Prompt
Leave out the pictures and set down the rest of the listing below word for word.

▽

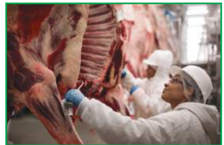
Escassez contribuiu para a queda
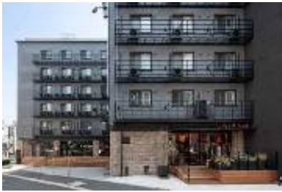
原宿神宮前「THE SHARE」 www.the-share.jp/
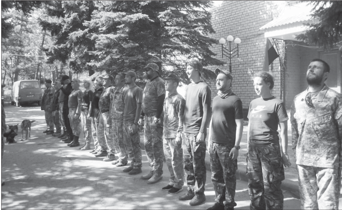
Щоденне шикуння бійців 8-го окремого батальйону УДА на базі. 12.05.2018

У штабі на військовій базі зустріли нас дуже тепло. Тут передали ліки і прилад “вокер-ходунок”. Хотіли це спочатку передати в госпіталь, та від лікаря дізналася, що це і їм знадобиться (адже в них немає ніякого дер-
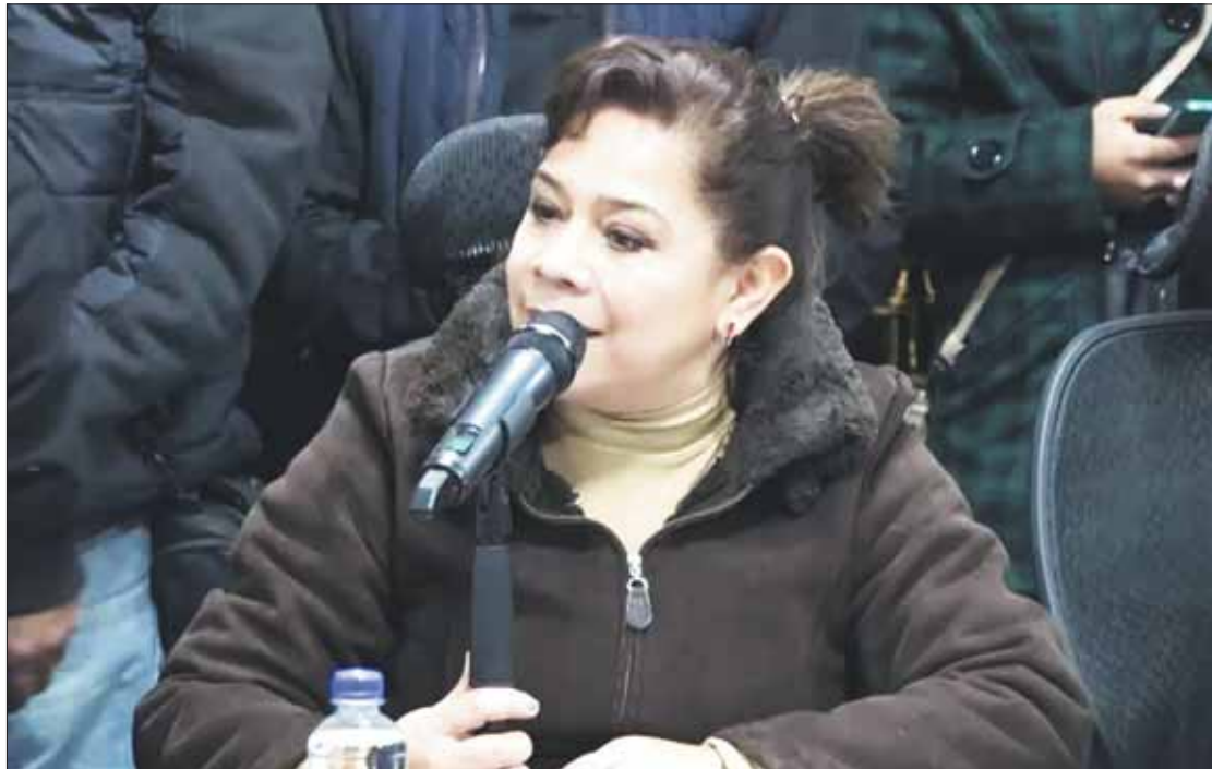
SENTIR. Lamentan que en el lema de la Cuarta Transformación sea sólo en el discurso, porque ante la necesidad de la gente se les hace fácil lanzar falsas promesas.

△

Completed task
Escassez contribuiu para a queda
原宿神宮前「THE SHARE」 www.the-share.jp/
Щоденне шикуння бійців 8-го окремого батальйону УДА на базі. 12.05.2018

У штабі на військовій базі зустріли нас дуже тепло. Тут передали ліки і прилад “вокер-ходунок”. Хотіли це спочатку передати в госпіталь, та від лікаря дізналася, що це і їм знадобиться (адже в них немає ніякого дер-
SENTIR. Lamentan que en el lema de la Cuarta Transformación sea sólo en el discurso, porque ante la necesidad de la gente se les hace fácil lanzar falsas promesas.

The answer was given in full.